Exercise instructions
Check the data underneath for lines holding the word "that", and state only how many you find.

Extracted entries
┌──

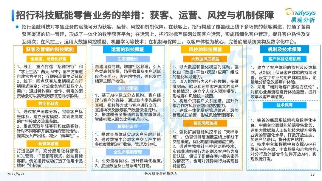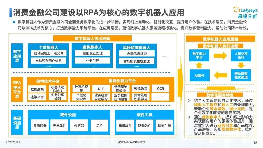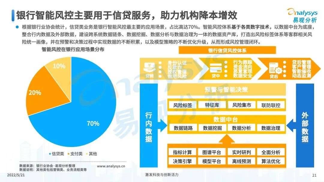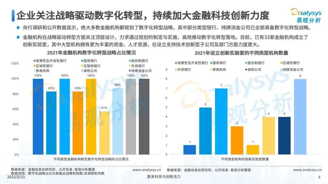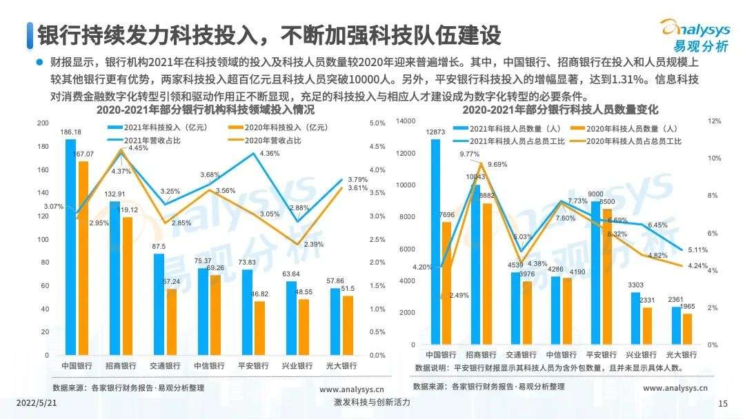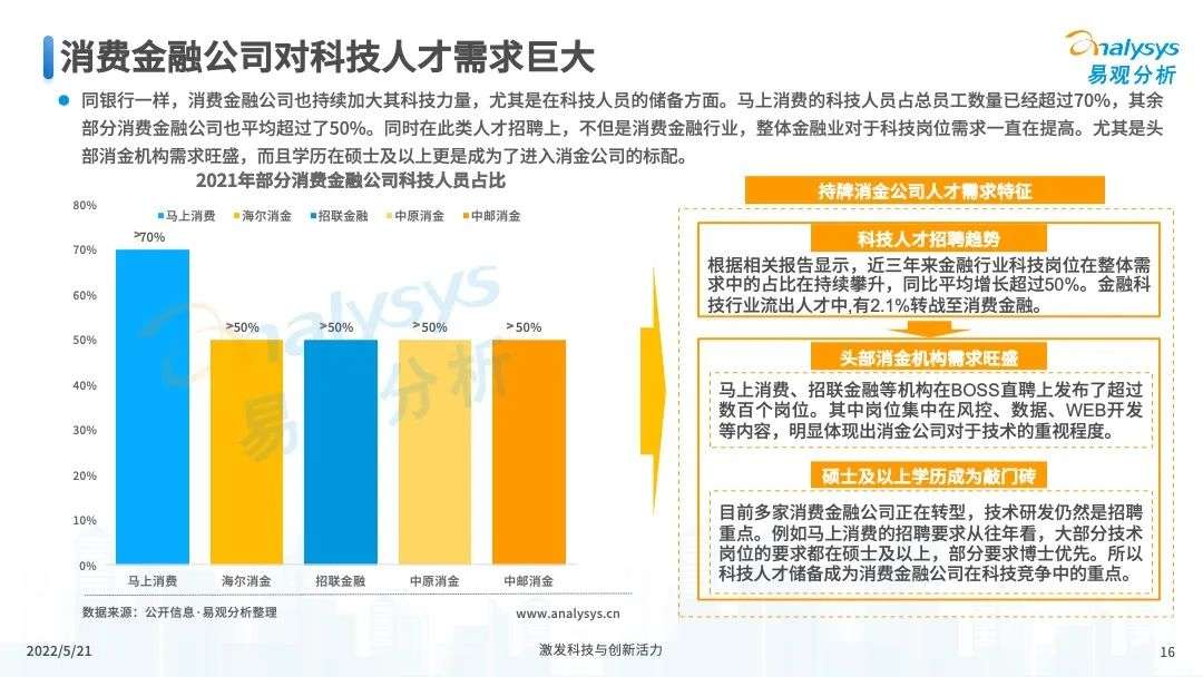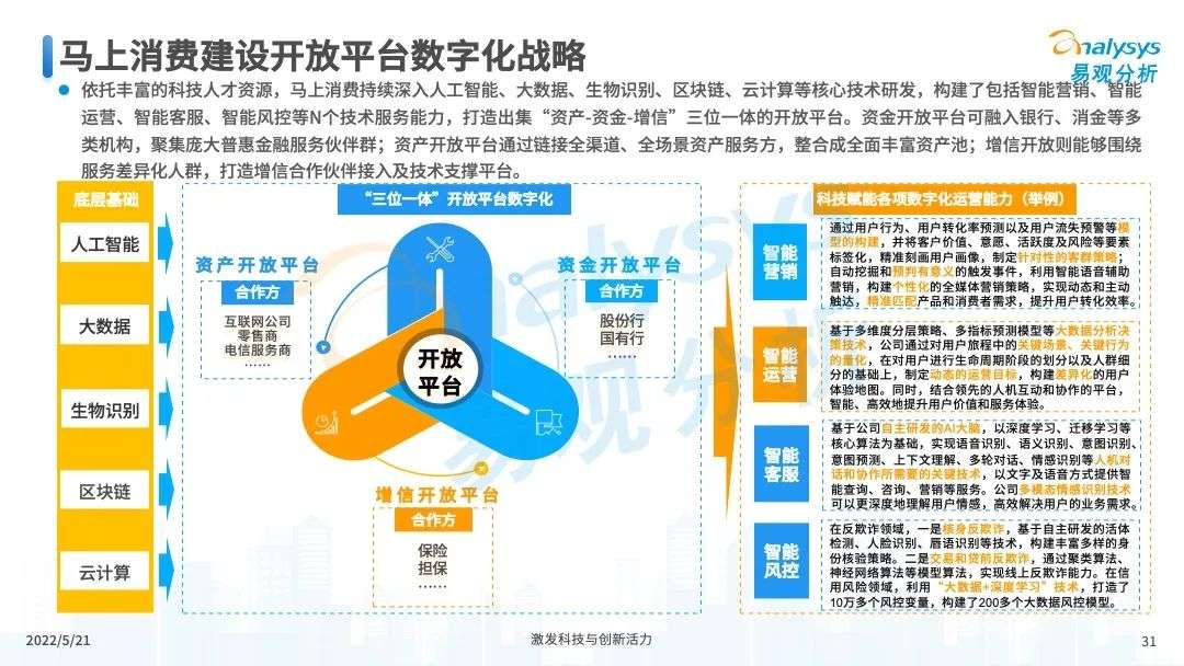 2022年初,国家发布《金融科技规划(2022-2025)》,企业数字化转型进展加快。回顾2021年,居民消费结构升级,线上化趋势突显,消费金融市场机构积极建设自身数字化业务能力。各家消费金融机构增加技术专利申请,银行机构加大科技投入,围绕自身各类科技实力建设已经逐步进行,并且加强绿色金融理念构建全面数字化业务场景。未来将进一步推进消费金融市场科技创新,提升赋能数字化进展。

└──
┌──

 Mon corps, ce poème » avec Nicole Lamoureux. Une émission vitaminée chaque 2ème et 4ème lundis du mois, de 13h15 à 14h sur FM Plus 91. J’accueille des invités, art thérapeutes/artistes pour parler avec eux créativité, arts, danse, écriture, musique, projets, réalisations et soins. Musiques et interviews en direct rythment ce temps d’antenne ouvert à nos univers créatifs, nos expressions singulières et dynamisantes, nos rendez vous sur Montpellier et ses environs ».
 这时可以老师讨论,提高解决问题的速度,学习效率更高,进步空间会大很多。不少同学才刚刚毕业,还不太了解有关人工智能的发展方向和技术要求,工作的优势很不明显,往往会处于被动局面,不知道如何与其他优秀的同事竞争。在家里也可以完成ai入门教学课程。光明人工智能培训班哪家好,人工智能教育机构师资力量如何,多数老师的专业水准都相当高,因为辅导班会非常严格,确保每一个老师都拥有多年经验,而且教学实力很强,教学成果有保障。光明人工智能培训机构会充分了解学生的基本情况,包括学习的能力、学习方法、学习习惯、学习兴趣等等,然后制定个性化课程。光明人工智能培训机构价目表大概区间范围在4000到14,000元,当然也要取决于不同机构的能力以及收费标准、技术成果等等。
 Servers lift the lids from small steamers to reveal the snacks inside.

└──
┌──

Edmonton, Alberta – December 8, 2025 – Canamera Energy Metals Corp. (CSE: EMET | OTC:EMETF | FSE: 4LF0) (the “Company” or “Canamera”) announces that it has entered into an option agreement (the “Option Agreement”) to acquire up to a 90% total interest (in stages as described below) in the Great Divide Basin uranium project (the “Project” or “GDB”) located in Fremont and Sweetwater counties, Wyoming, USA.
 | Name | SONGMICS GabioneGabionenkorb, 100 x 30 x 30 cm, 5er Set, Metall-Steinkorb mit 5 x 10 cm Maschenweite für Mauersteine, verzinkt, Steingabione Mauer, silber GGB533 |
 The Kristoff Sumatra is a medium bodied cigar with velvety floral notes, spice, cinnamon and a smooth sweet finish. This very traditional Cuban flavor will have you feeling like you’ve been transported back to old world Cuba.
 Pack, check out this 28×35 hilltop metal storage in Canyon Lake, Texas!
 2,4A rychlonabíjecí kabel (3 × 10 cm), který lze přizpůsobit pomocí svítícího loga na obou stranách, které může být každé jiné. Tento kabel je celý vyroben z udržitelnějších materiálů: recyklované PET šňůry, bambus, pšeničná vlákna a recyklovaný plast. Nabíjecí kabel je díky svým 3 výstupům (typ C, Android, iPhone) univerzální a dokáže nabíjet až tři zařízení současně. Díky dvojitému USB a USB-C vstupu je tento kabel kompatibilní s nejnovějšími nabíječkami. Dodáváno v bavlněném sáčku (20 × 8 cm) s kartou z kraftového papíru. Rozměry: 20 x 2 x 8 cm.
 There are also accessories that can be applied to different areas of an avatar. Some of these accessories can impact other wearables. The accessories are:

└──

Response below
2